La Retórica. Reinhold Timm, 1620 |
Esto no quiere decir que no haya modelos del funcionamiento de nuestro cerebro. Los hay, y todos ellos reflejan de algún modo la mentalidad o las modas de la época histórica en que fueron concebidos. Uno de los más antiguos que conocemos aparece en un manuscrito llamado Ars Magna, escrito en 1305 por el fraile franciscano Raymundus Lullus (o Ramon Llull, en grafía romance). En él se describía la mente humana como una compleja trama de conceptos, estructurados en dos círculos concéntricos y conectados entre sí por relaciones triangulares.

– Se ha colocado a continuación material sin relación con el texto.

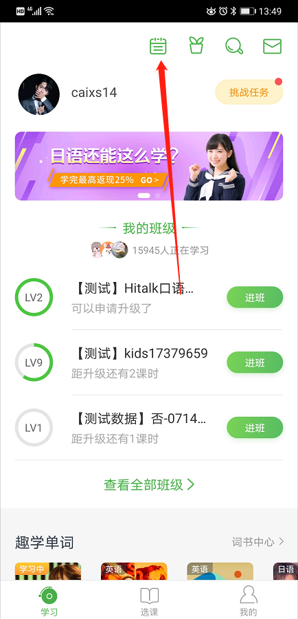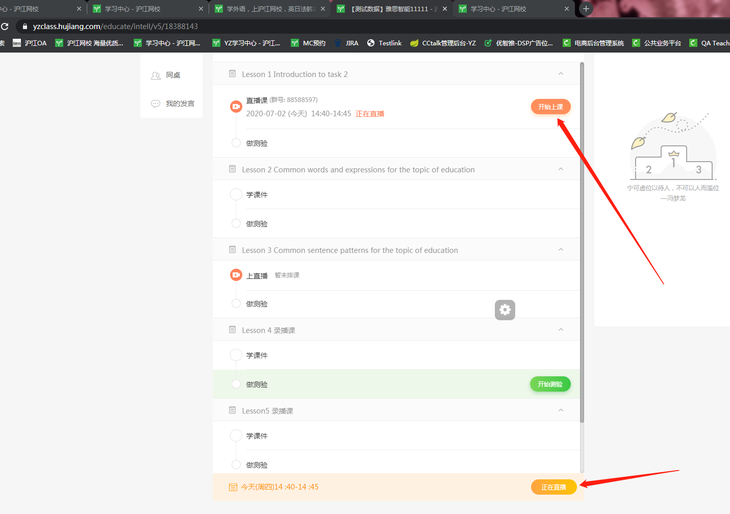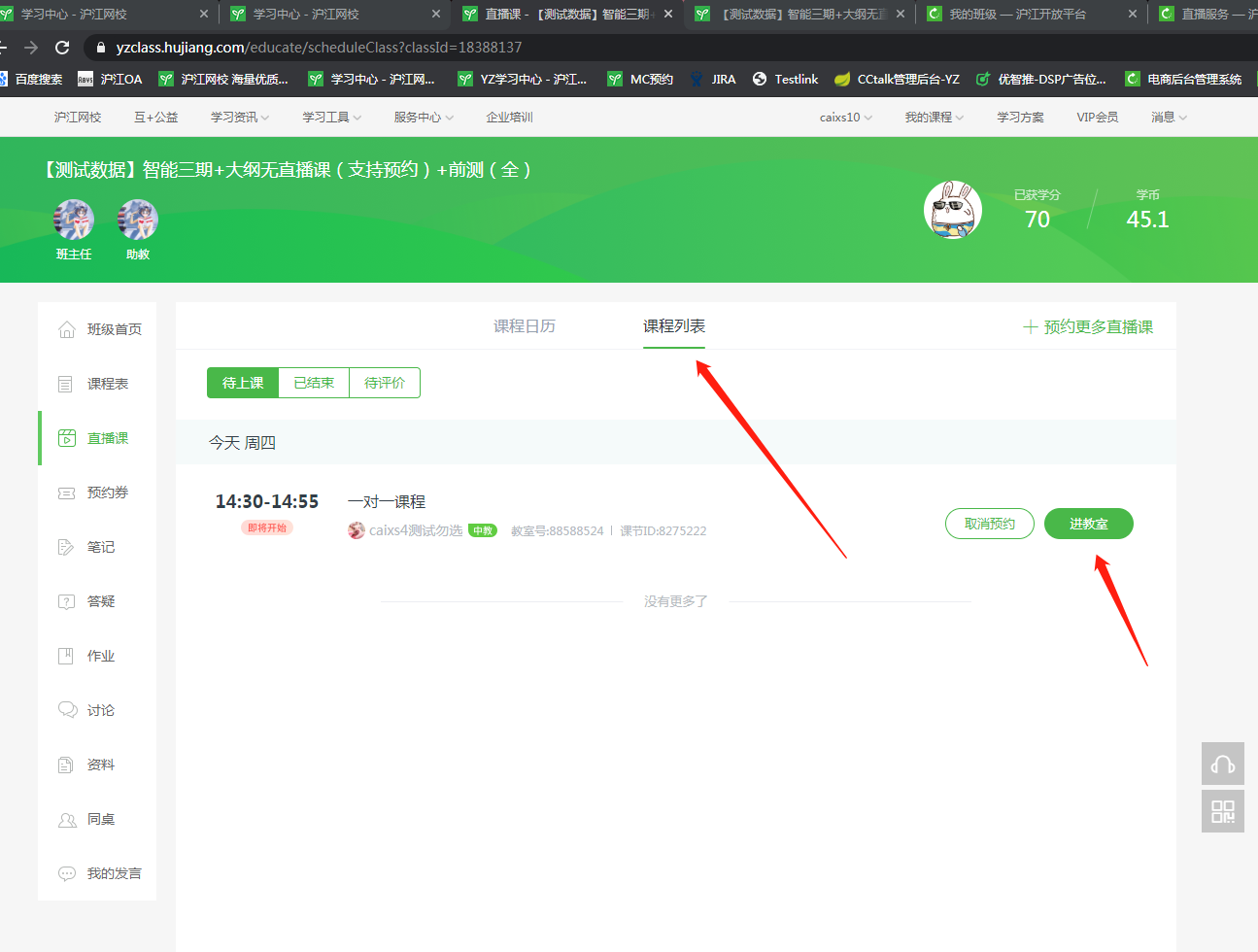全局课程日历+全局课程列表待上课页面点击“进教室”或“立即上课”(直播课开始前15min~直播课结束)

Inspirado en la mecánica de los silogismos, que era conocida desde Aristóteles, Lullus incorporó a su teoría un conjunto de reglas de razonamiento que convertían a su modelo en una especie de 'máquina virtual' generadora de conceptos, y a su creador en el programador de software más consumado de la Edad Media.
Un elemento que nunca falta ni en los esquemas del cerebro humano ni en los programas de software es la memoria y, para ser sinceros, hay que reconocer que el modelo de memoria digital de nuestras computadoras es, con mucho, el más aburrido. Cuenta Cicerón que, en cierta ocasión, el orador Simónides de Ceos fue invitado a una cena por un rico noble de Tesalia para que exaltara ante los comensales las virtudes de su empleador. Quizá perturbado por el vino, parece ser que Simónides se fue un poco por las ramas y dedicó una parte excesiva de su discurso a los dioses Cástor y Pólux, cosa que enfureció al homenajeado.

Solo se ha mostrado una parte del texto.